Frontline workers have said AI tools are making potentially harmful errors in social work records, ranging from false warnings of suicidal ideation to simple “unclear”.
keir starmer last year champion What he called an “incredible” time-saving social work transcription technique. But research from 17 English and Scottish councils, shared with the Guardian, has now found that AI-generated hallucinations are on the rise.
As many local authorities have begun using AI note-takers to speed up the recording and summarizing of meetings with adult and child service users, an eight-month study by the Ada Lovelace Institute found that “some potentially harmful misrepresentations of people’s experiences are occurring in official care records”.
The independent thinktank found that a social worker who used an AI transcription tool to create the summaries said the technology had incorrectly “indicated that there was suicidal ideation”, but “at no point did the client actually talk about … suicidal thoughts or plans, or anything”.
Another said that the AI’s notes might mention “fish fingers or flies or trees”, when in fact a child was talking about his parents fighting. Social work experts said such errors are particularly worrisome because they could leave behind a risky pattern of behavior.
Other social workers raised concerns about inaccuracies in written conversations with people with regional accents. One described how their AI-generated transcriptions often included “unclear”. Another said: “It’s become a running joke in the office.”
Dozens of councils from Croydon to Redcar and Cleveland have given social workers access to AI transcription tools that record and summarize case conversations. The potential time savings is appealing to chronically understaffed town halls.
There is a popular system called Magic Notes sold out to councils At a cost of between £1.50 and £5 for each hour of transcription. Most social workers interviewed used either specialist Magic Notes AI or general purpose Microsoft Copilot AI.

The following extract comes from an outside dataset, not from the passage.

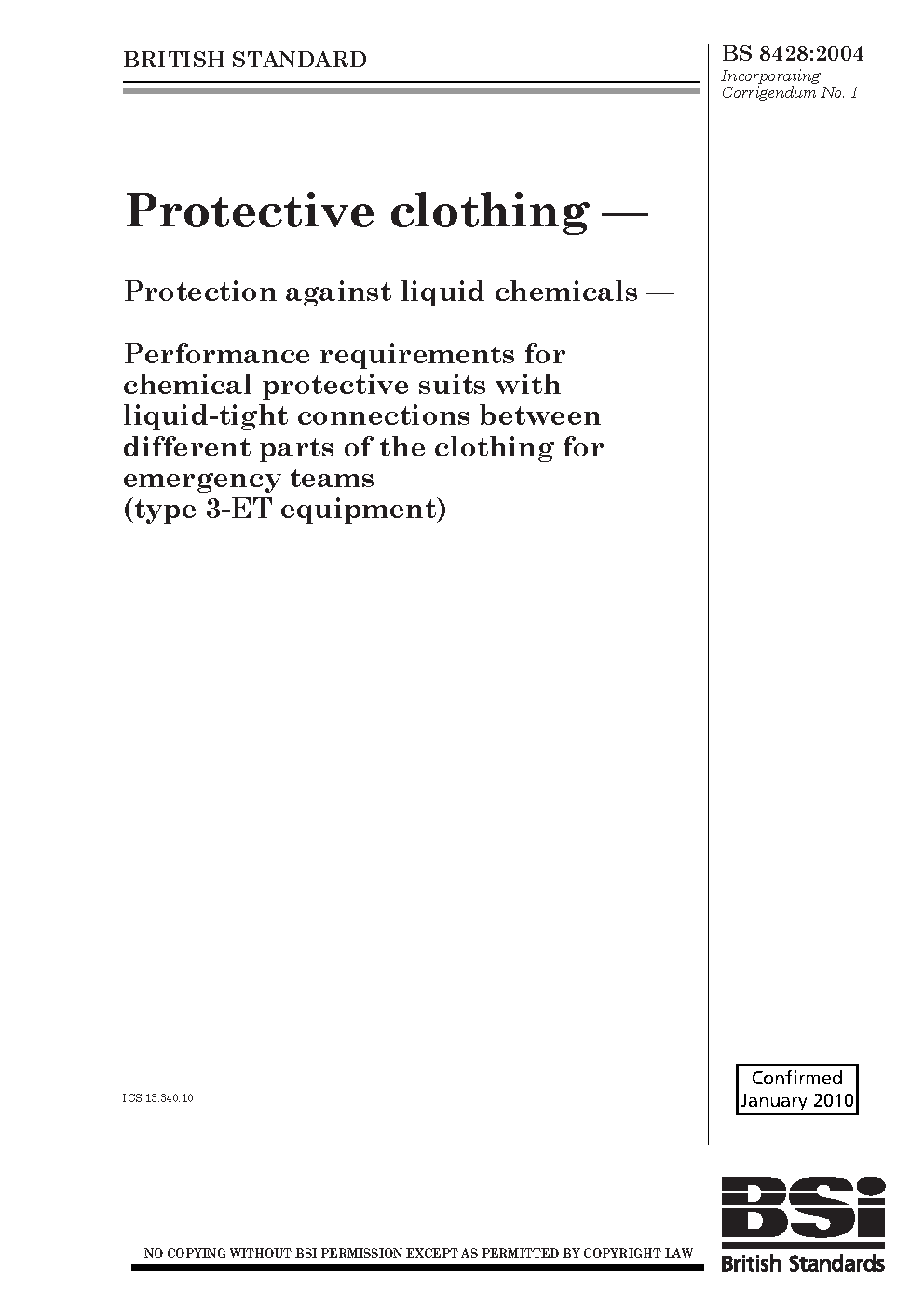 Protective clothing. Protection against liquid chemicals. Performance requirements for chemical protective suits with liquid-tight connections between different parts of the clothing for emergency teams (type 3-ET equipment)

The research also found that AI transcription saved observation time and freed up social workers to focus more on relationships with service users.
After interviews with 39 anonymous social workers it said, “Our evidence shows that these tools can also improve the relational aspects of care work and the quality of information recorded by social workers.”
But when a social worker used an AI tool to reword care documents in a more “person-centred” tone, the system “put in all these words that weren’t said”. Another social activist pointed out that technology has “crossed the line between evaluating you and evaluating AI”.
The report concluded, “AI-generated inaccuracies that enter these records can have far-reaching effects, such as a social worker making the wrong decision about a child’s care, which could lead to harm to the child and professional consequences for the social worker.”
According to the British Association of Social Workers (BASW), the impact of AI errors is already being felt across the profession, with reports of AI note takers failing to properly check their output and disciplinary action being taken for missing obvious errors. It is calling on social work regulators to issue clear guidance on how and when AI tools should be used.
While some social workers have “genuine excitement” about their potential, “these tools also introduce new risks to social work and society, from potential bias in report summaries to inaccurate ‘hallucinations’ in transcripts,” said Imogen Parker, associate director of Ada Lovelace. “These risks are not being fully assessed or mitigated, leaving frontline workers to deal with these challenges on their own.”
Social workers often receive very little AI training – only an hour in one case. While some social workers said they spent up to an hour checking the AI transcripts, others said they only spent two minutes. One said it took them “actually five minutes to quickly screen it (…) and then cut it out and stick it on the system”. Another said AI-generated cut-and-paste care plans could be “terrible.”
Others said that some coworkers were too lazy or busy to check transcripts.
“The risk here is that people are not checking what is written for them,” said Andrew Rees, BASW strategic lead for England and Wales. “The time you spend writing helps you understand what you heard. If the computer is doing that for you, you’re missing out on important parts of reflective practice.”
Beam, which operates Magic Notes, insisted that its outputs were first drafts, not final records. “AI tools are being adopted by social workers for good reason,” said its co-founder Seb Barker. “Services are overwhelmed and difficult to access; a generation of social workers is at risk of being wasted, and the need for accurate, compliant documentation is increasing.”
He said the bias assessment found that Magic Notes performed “consistently and equitably” and highlighted its expert features for social tasks, including automated hallucination risk screening. “Not all AI tools are the same, with non-specialized, low-quality, or generic tools failing to meet the specific needs of the field,” he said.
The UK government and Microsoft have been contacted for comment.